Carbon and nitrogen sequestration in two prairie topochronosequences on contrasting soils in southern Wisconsin

Prairie restoration has the potential to sequester nitrogen (N) and atmospheric carbon (C) in the soil, but the capability of a site to respond positively to prairie restoration depends on numerous factors such as soil parent material, topography and time. Soil bulk density in the top 10 cm and C and N concentrations at several intervals to a depth of 1 m were measured in a tallgrass prairie topochronosequence at fine- and coarse-textured soil locations to evaluate the role of texture, slope and ecosystem age in controlling C and N sequestration following cessation of cultivation and subsequent prairie restoration. Soil C and N concentrations, contents and C:N ratios were significantly greater in fine-textured soils compared to sites with coarse-textured soil. Soil texture generally did not explain variations in the amounts or rates of C and N sequestration in the restored prairies. Soil surface bulk density was significantly correlated with slope, but not ecosystem age, at sites with coarse-textured soil. Within the limits of this study, neither slope nor ecosystem age were correlated to bulk density at sites with fine-textured soil.
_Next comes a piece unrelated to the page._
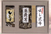 国内産椎茸香信35g、出し昆布40g、乾舞茸20g |
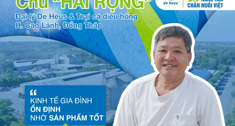 Sau 8 năm kiên trì chăn nuôi và chia sẻ kinh nghiệm đến bà con địa phương, chú “Hai Rộng" hào hứng chia sẻ: “Cá nhà ăn sản phẩm thấy ngon quá, nhập về bán luôn. Cá diêu hồng ăn cám De Heus phát triển nhanh, đồng đều, đạt được hệ số và lợi nhuận cao. Nhờ đó, kinh tế gia đình được ổn định."

Soil C content in the top 25 cm increased significantly as ecosystem age increased for the restored and remnant prairies at the fine-textured location, but not at the coarse-textured location. Results demonstrate that a combination of soil parent material, topography and time since cessation of cultivation control the content and accumulation of C and N following prairie restoration. In the context of this study, the bottom line is that significant C sequestration was not achieved, given the current level and types of restoration management, within two and a half decades following conversion of cultivated cropland to prairie.